» **DATA SUPPLIED**

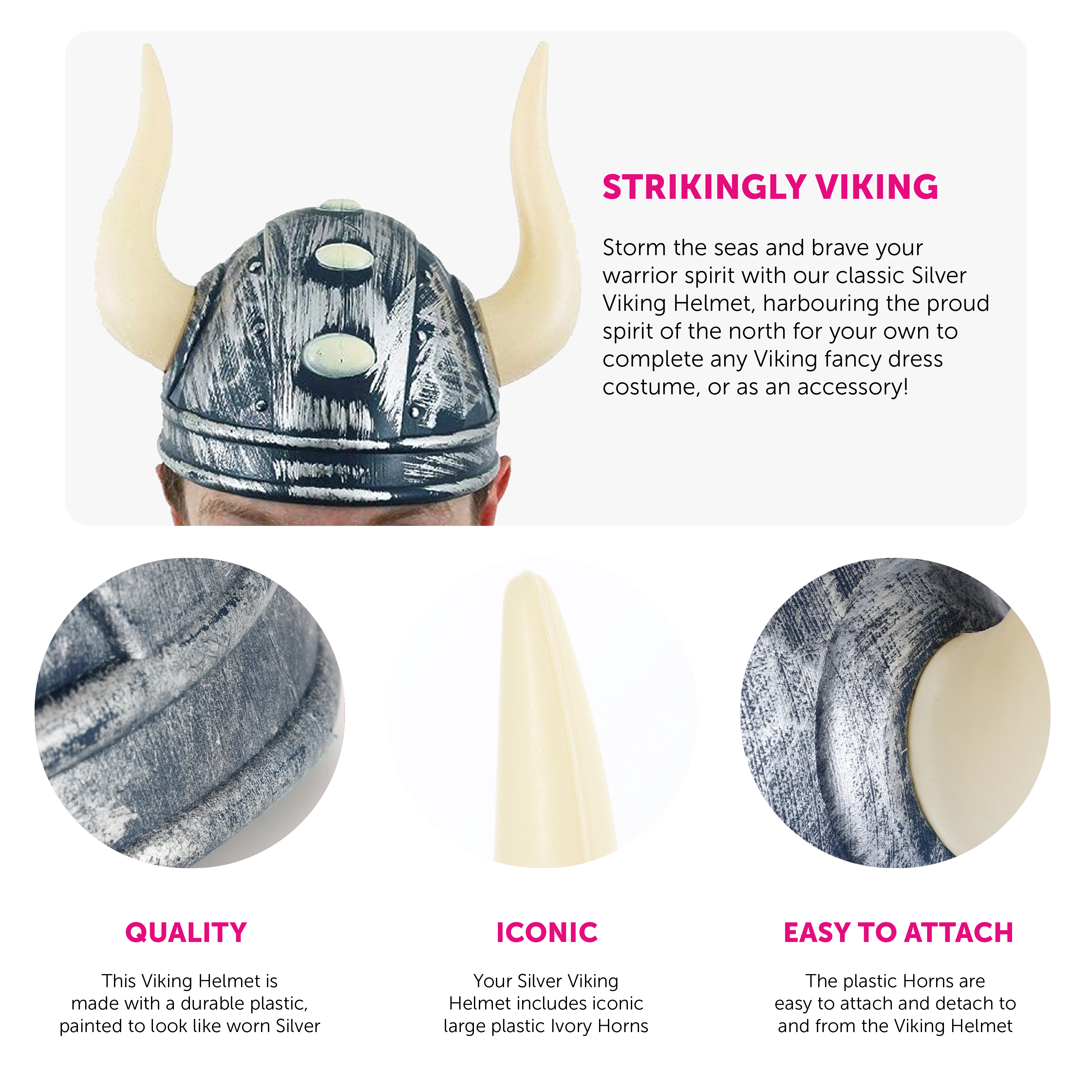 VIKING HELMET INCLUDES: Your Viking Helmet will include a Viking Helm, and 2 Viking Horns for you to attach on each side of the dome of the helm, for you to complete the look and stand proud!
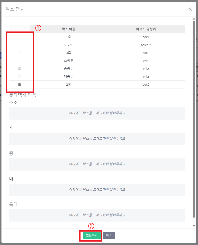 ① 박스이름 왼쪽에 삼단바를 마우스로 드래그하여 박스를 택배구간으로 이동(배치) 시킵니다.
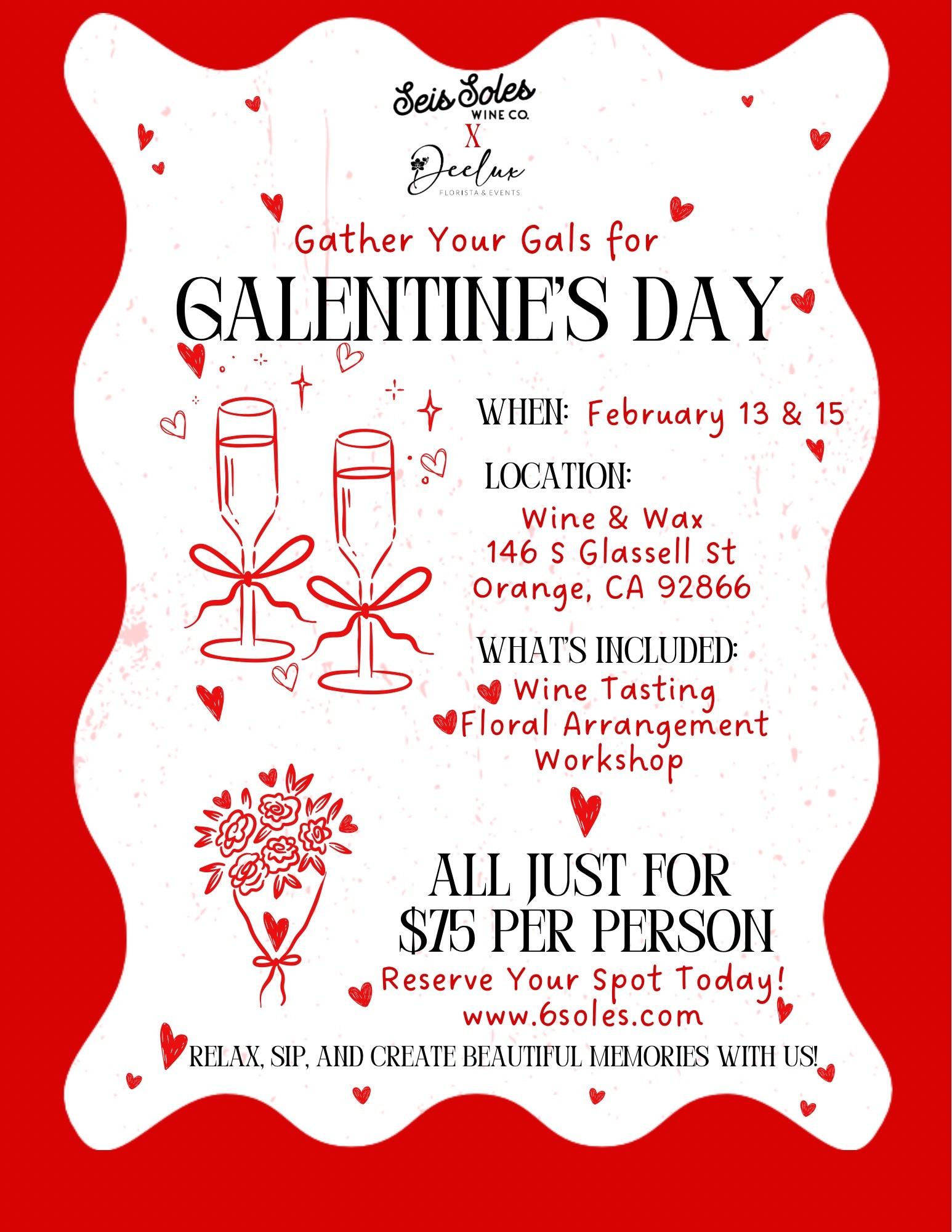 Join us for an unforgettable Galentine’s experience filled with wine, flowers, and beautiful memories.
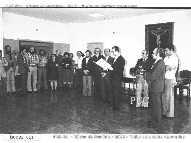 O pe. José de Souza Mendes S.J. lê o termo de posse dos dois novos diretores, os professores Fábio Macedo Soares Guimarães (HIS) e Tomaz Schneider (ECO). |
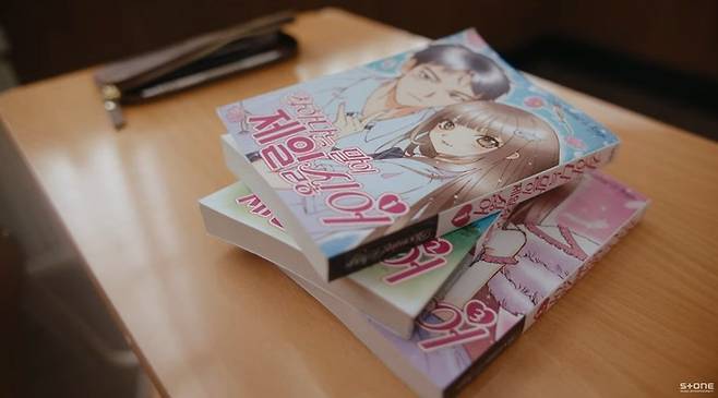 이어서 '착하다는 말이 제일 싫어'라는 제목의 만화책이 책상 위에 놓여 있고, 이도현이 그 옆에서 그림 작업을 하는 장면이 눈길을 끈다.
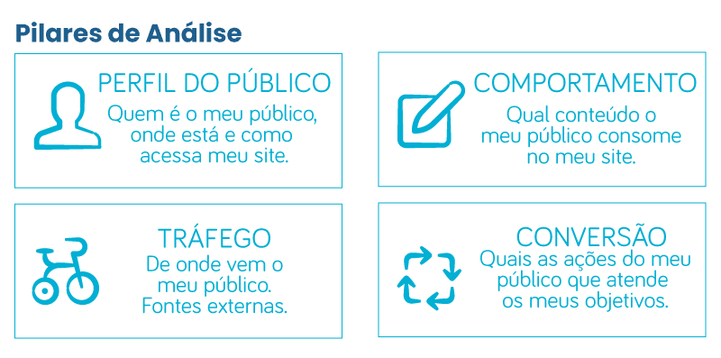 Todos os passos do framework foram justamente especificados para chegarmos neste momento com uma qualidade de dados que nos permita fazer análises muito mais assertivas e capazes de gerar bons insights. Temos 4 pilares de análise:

---

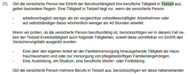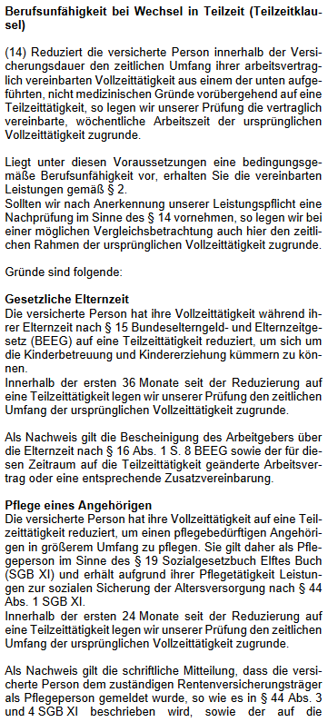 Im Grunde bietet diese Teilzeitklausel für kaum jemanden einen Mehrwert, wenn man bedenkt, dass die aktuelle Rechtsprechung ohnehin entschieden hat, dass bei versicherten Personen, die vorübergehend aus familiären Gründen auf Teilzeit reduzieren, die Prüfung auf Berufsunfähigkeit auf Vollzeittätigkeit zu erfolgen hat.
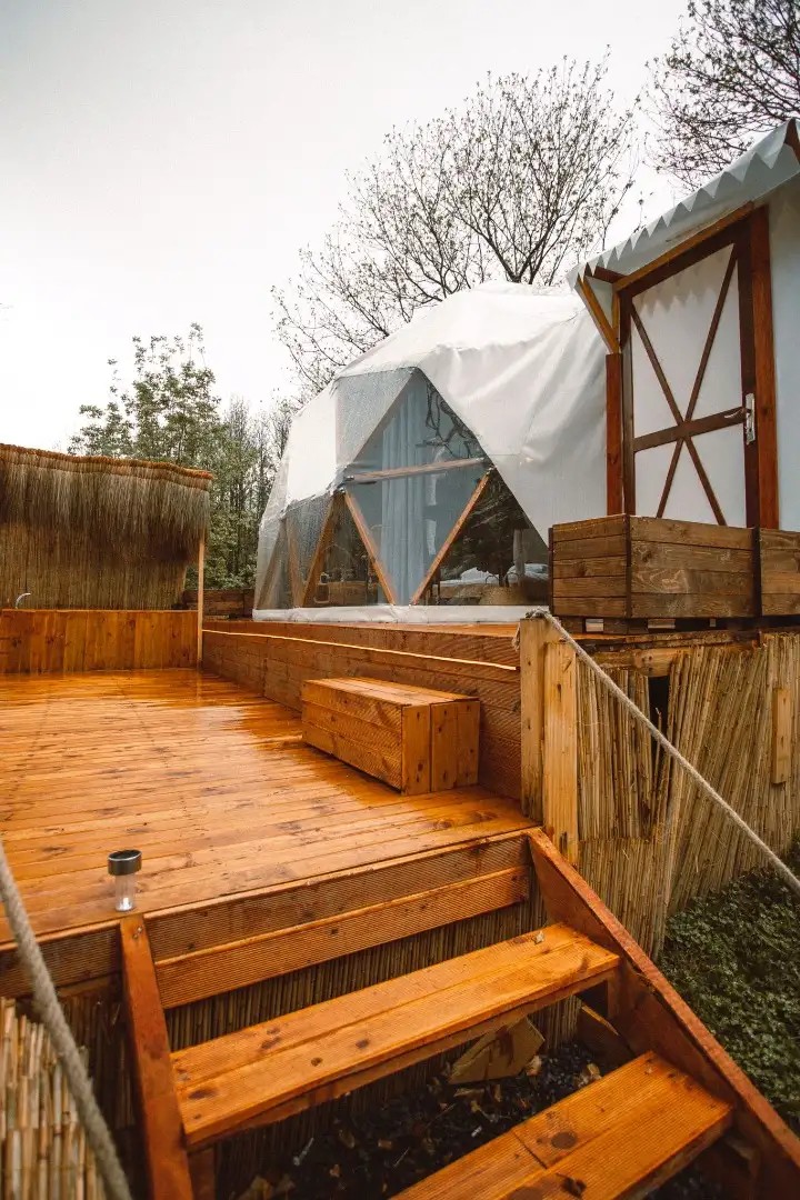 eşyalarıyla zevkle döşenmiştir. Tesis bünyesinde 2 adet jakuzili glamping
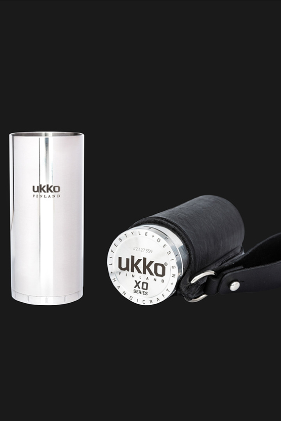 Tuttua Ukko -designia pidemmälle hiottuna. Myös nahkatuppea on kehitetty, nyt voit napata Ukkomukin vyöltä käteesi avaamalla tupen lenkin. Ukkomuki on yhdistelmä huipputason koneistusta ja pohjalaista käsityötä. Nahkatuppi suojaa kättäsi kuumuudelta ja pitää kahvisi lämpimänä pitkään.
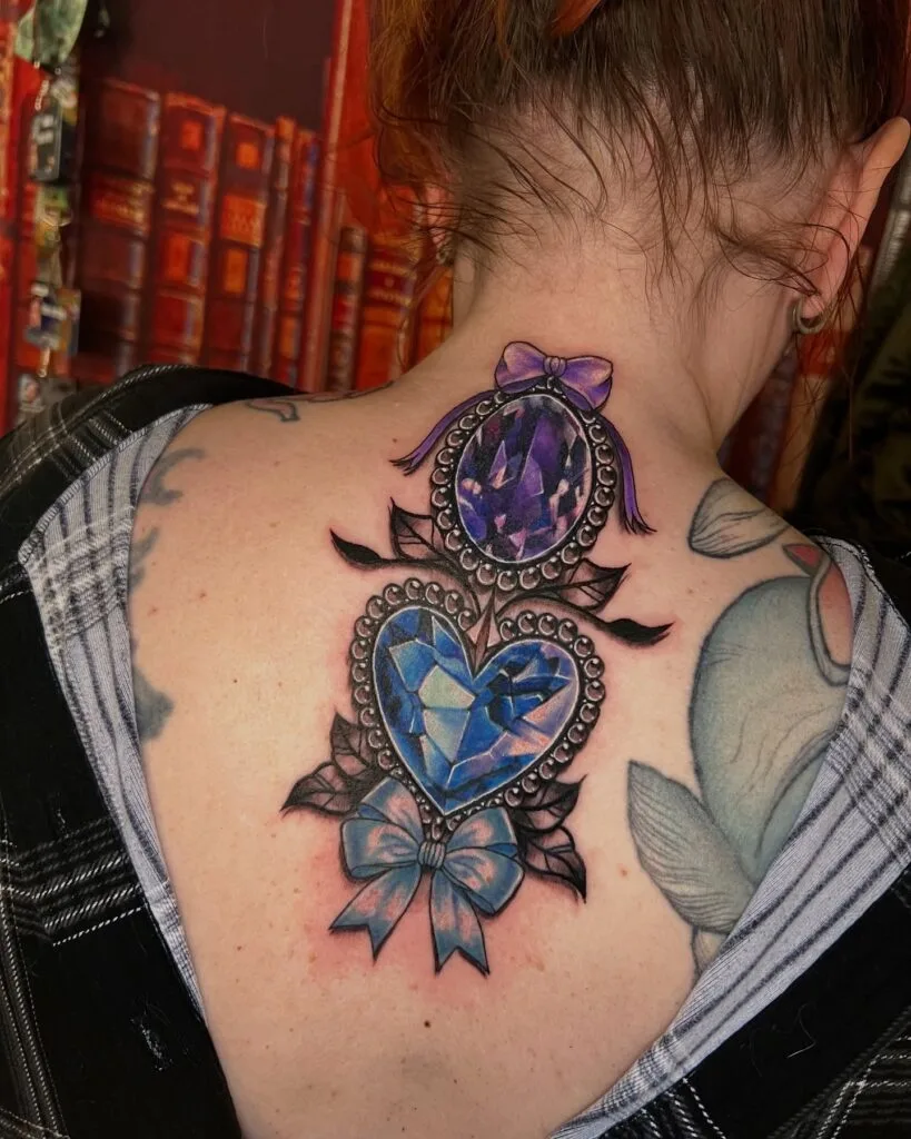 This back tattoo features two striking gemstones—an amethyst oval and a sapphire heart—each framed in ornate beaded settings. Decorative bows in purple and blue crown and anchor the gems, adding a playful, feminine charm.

---

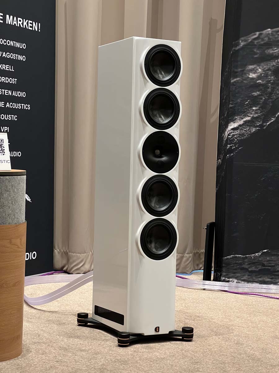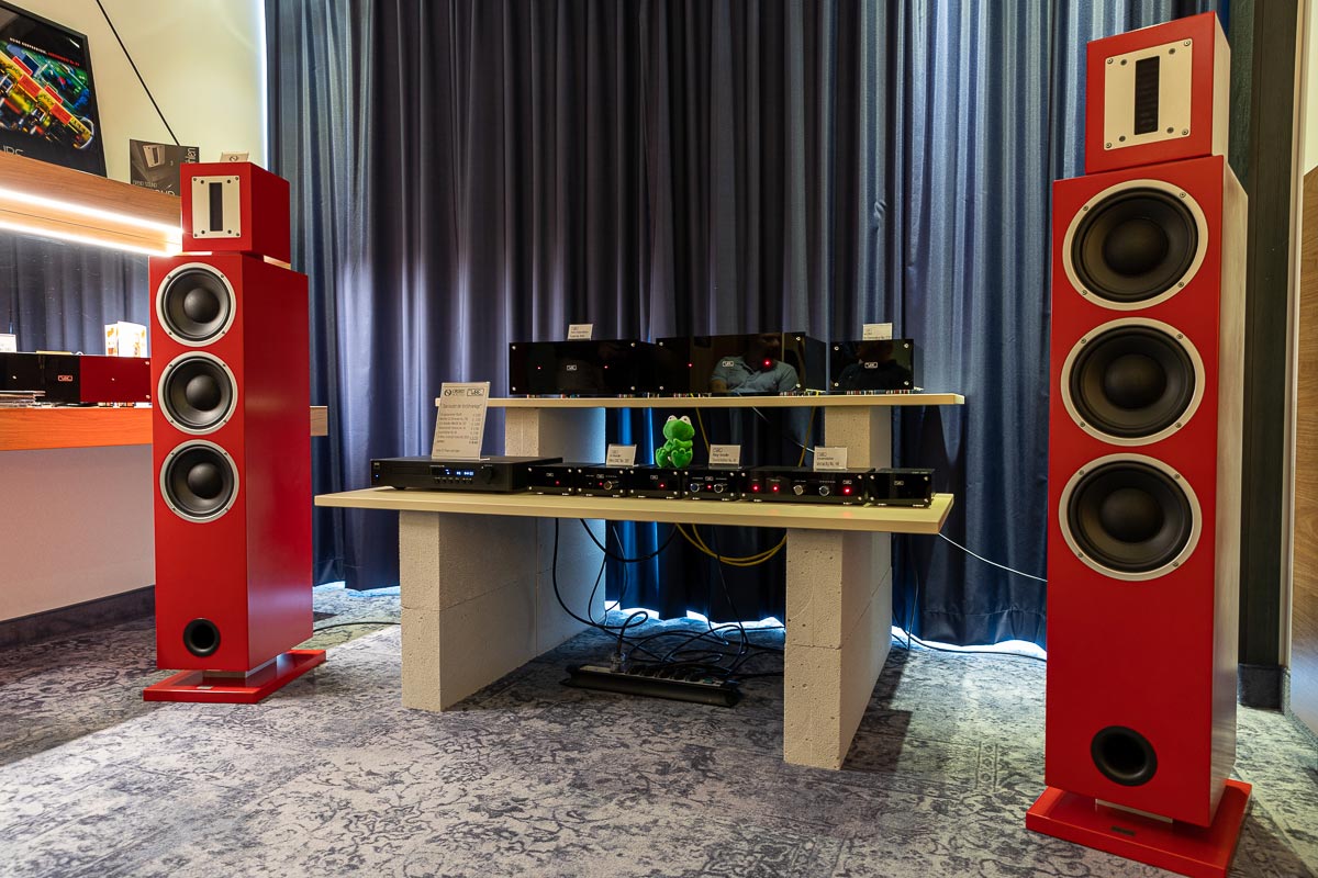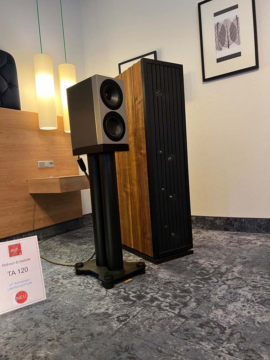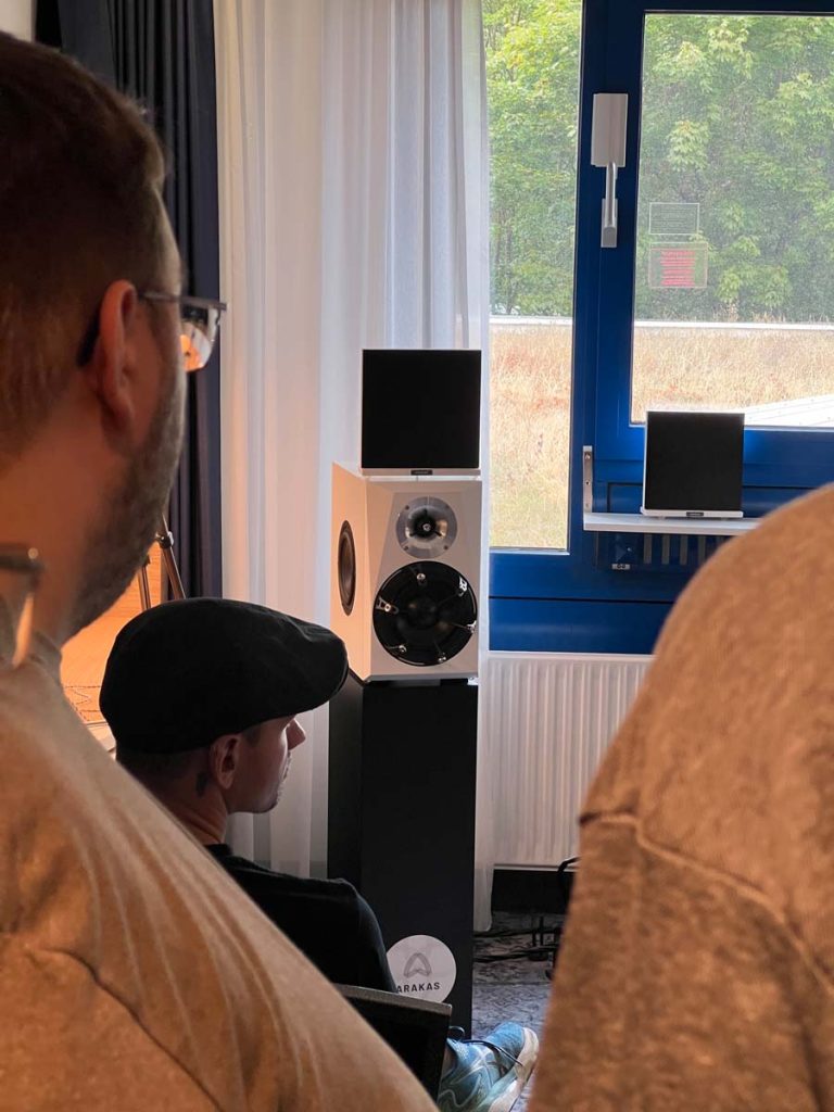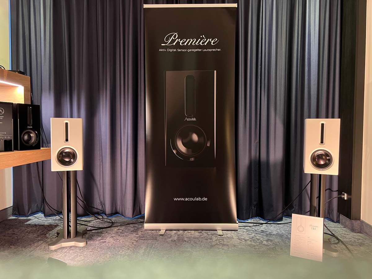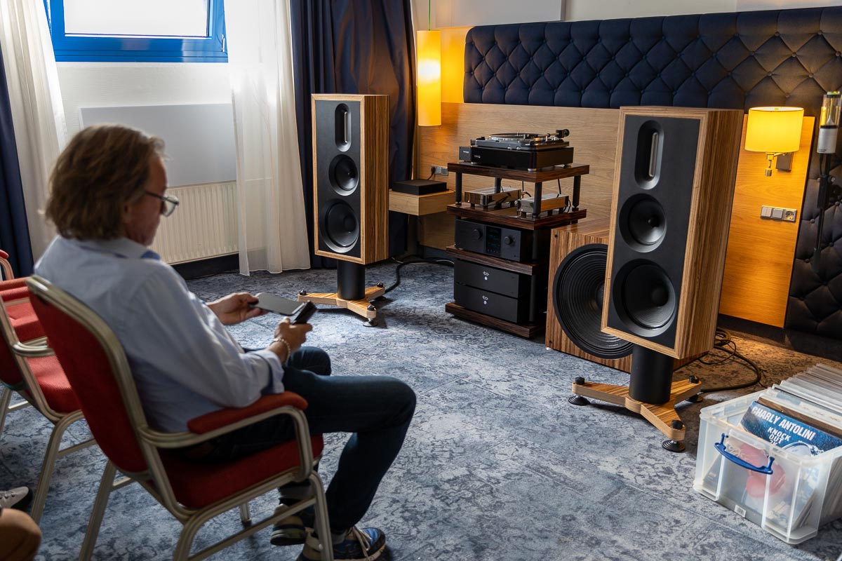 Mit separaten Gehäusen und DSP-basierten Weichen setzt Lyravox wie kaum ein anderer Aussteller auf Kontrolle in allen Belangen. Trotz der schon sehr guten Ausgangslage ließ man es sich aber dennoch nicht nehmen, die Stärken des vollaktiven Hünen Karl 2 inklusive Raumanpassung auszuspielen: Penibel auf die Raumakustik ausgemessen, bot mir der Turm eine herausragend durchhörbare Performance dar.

» **ASSIGNED TASK**
Transcribe only the lines above that start at the line containing "Im Grunde bietet" and end at the line containing "This back tattoo". Omit pictures.

» **YOUR RESPONSE**
 Im Grunde bietet diese Teilzeitklausel für kaum jemanden einen Mehrwert, wenn man bedenkt, dass die aktuelle Rechtsprechung ohnehin entschieden hat, dass bei versicherten Personen, die vorübergehend aus familiären Gründen auf Teilzeit reduzieren, die Prüfung auf Berufsunfähigkeit auf Vollzeittätigkeit zu erfolgen hat.
 eşyalarıyla zevkle döşenmiştir. Tesis bünyesinde 2 adet jakuzili glamping
 Tuttua Ukko -designia pidemmälle hiottuna. Myös nahkatuppea on kehitetty, nyt voit napata Ukkomukin vyöltä käteesi avaamalla tupen lenkin. Ukkomuki on yhdistelmä huipputason koneistusta ja pohjalaista käsityötä. Nahkatuppi suojaa kättäsi kuumuudelta ja pitää kahvisi lämpimänä pitkään.
 This back tattoo features two striking gemstones—an amethyst oval and a sapphire heart—each framed in ornate beaded settings. Decorative bows in purple and blue crown and anchor the gems, adding a playful, feminine charm.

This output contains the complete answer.